:: Input data

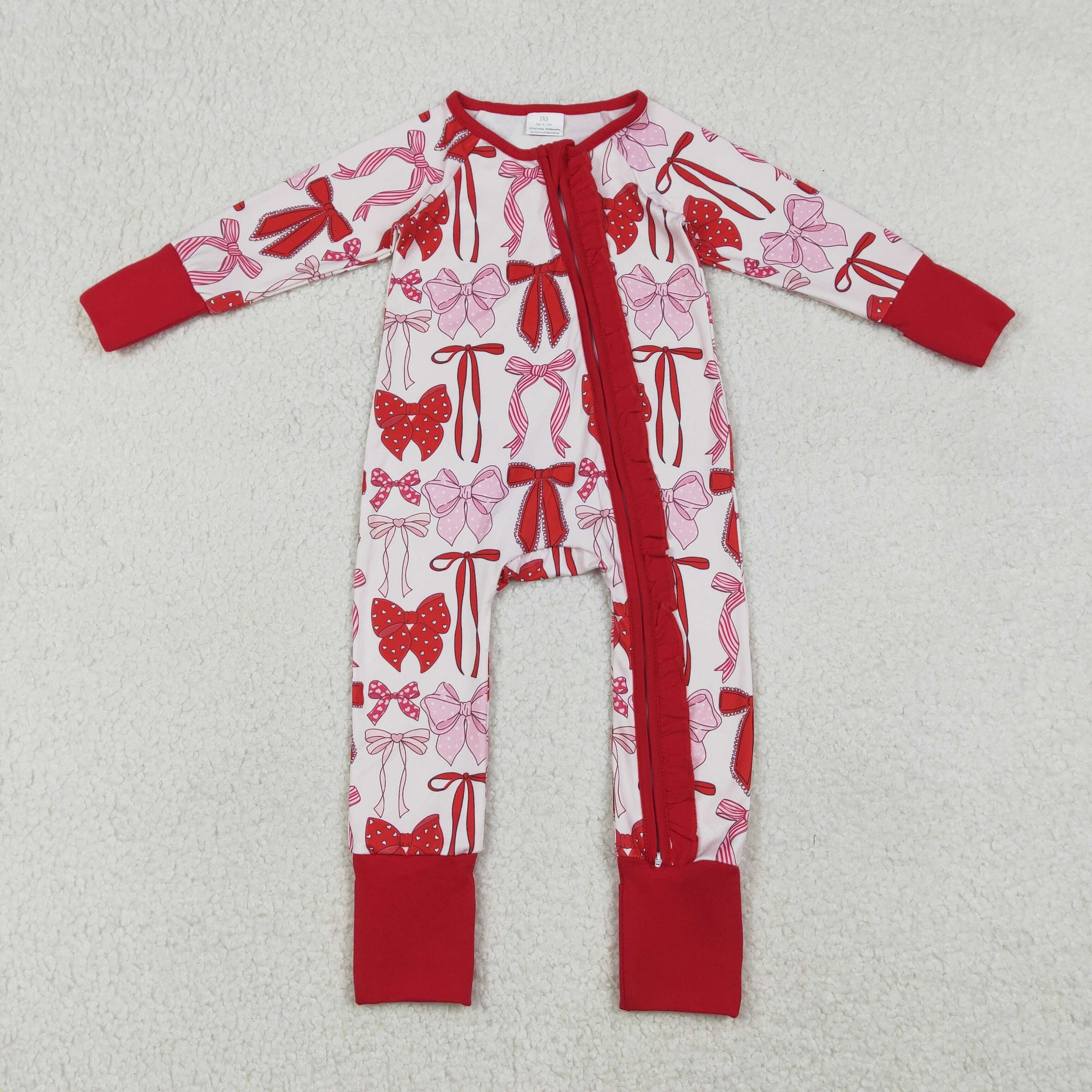 LR2780 baby girls pink red bow zipper long sleeves romper
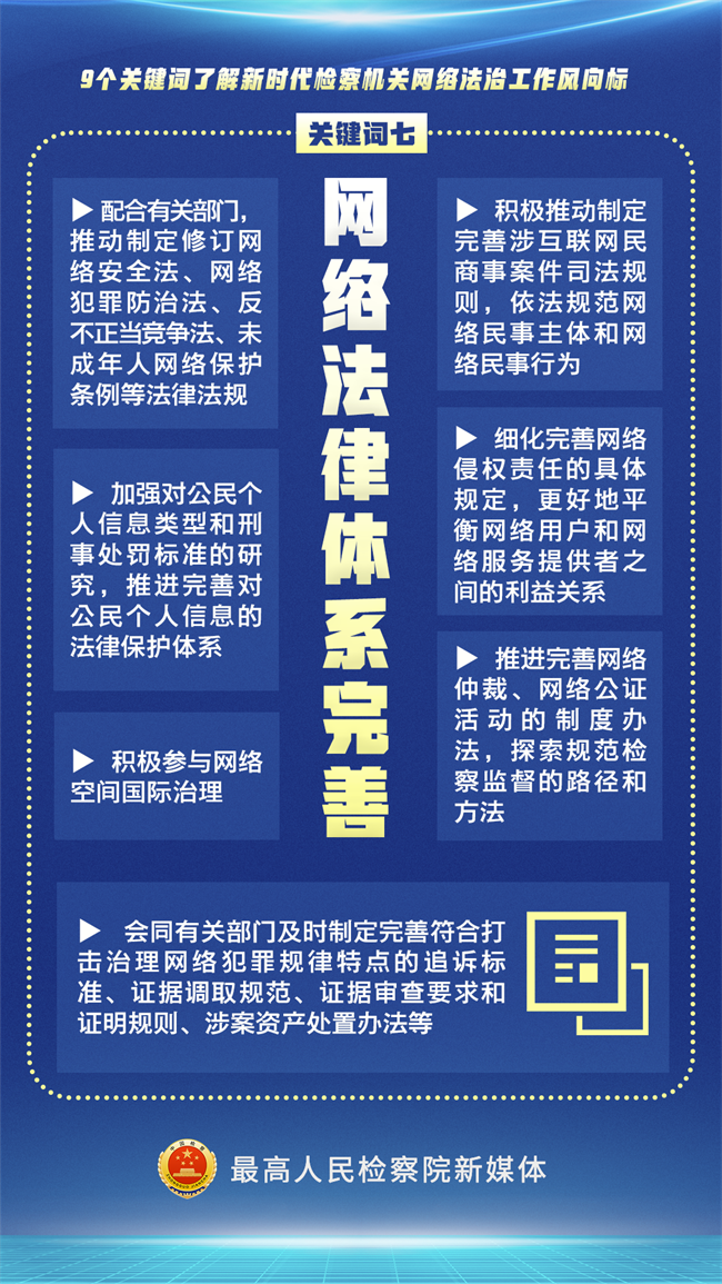 近日,最高检印发《关于加强新时代检察机关网络法治工作的意见》,对加强新时代检察机关网络法治工作提出具体要求,以检察工作现代化融入和助力网络法治工作现代化。
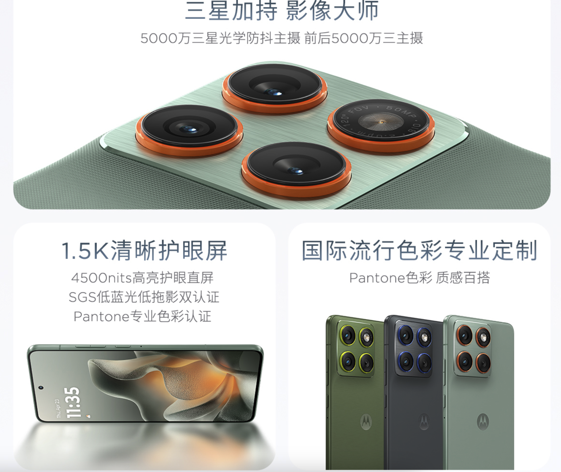 尽管主打轻薄,moto X70 Air并未在核心性能上妥协。据供应链爆料,该机或搭载高通骁龙8 Gen 4处理器(台积电4nm工艺),配备LPDDR5X内存与UFS 4.1闪存,安兔兔跑分预计突破180万,满足日常多任务与主流游戏需求。屏幕方面,采用6.3英寸1.5K OLED直屏,支持120Hz自适应刷新率与1920Hz高频PWM调光,峰值亮度达1600尼特,兼顾显示细腻度与护眼需求。
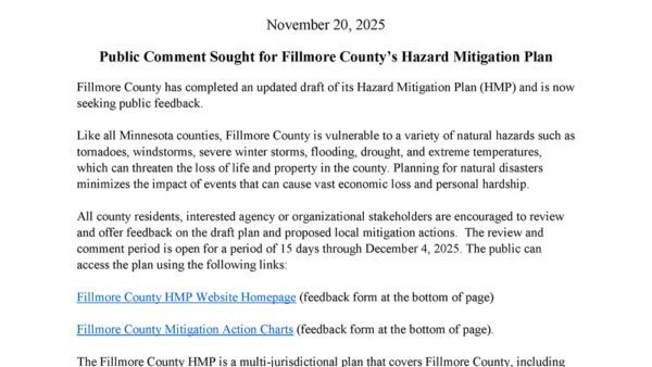 FILLMORE COUNTY NEWS RELEASE November 20, 2025 Public Comment Sought for Fillmore County’s Hazard Mitigation…
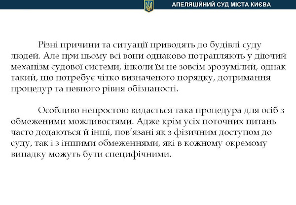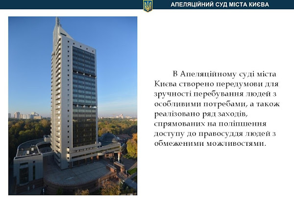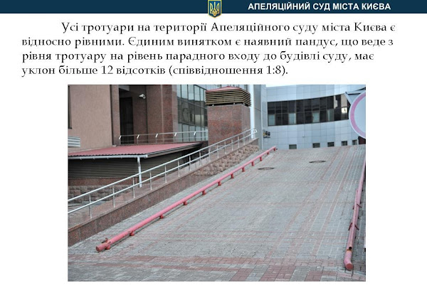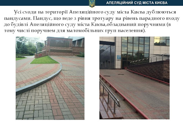 А зараз запрошуємо передивитися презентацію Апеляційного суду міста Києва по архітектурній доступності осіб з інвалідністю та іншх маломобільнх груп населенння.
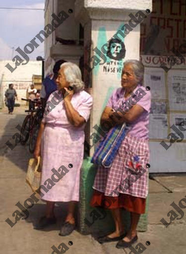 Campesinas se reunen en la Plaza principal de San Salvador Atenco, el 14 de junio de 2002.LA JORNADA/ Maria Luisa Severiano
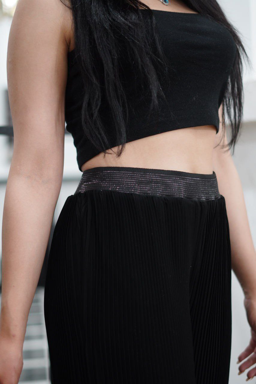شلوار پلیسه کرپ حریر مجلسی ترک فری سایز مناسب مجلس های شما این شلوار با دارا بودن آستر این کار،رو شیک ترین و خاص تر کرده تک رنگ مشکی بودن باعث شده با بتونید راحت تر اینکار رو لا لباس های مجلسی تون ست کنید

::::

Please give the data above again in exact form and omit every picture.

 LR2780 baby girls pink red bow zipper long sleeves romper
 近日,最高检印发《关于加强新时代检察机关网络法治工作的意见》,对加强新时代检察机关网络法治工作提出具体要求,以检察工作现代化融入和助力网络法治工作现代化。
 尽管主打轻薄,moto X70 Air并未在核心性能上妥协。据供应链爆料,该机或搭载高通骁龙8 Gen 4处理器(台积电4nm工艺),配备LPDDR5X内存与UFS 4.1闪存,安兔兔跑分预计突破180万,满足日常多任务与主流游戏需求。屏幕方面,采用6.3英寸1.5K OLED直屏,支持120Hz自适应刷新率与1920Hz高频PWM调光,峰值亮度达1600尼特,兼顾显示细腻度与护眼需求。
 FILLMORE COUNTY NEWS RELEASE November 20, 2025 Public Comment Sought for Fillmore County’s Hazard Mitigation…
 А зараз запрошуємо передивитися презентацію Апеляційного суду міста Києва по архітектурній доступності осіб з інвалідністю та іншх маломобільнх груп населенння.
 Campesinas se reunen en la Plaza principal de San Salvador Atenco, el 14 de junio de 2002.LA JORNADA/ Maria Luisa Severiano
شلوار پلیسه کرپ حریر مجلسی ترک فری سایز مناسب مجلس های شما این شلوار با دارا بودن آستر این کار،رو شیک ترین و خاص تر کرده تک رنگ مشکی بودن باعث شده با بتونید راحت تر اینکار رو لا لباس های مجلسی تون ست کنید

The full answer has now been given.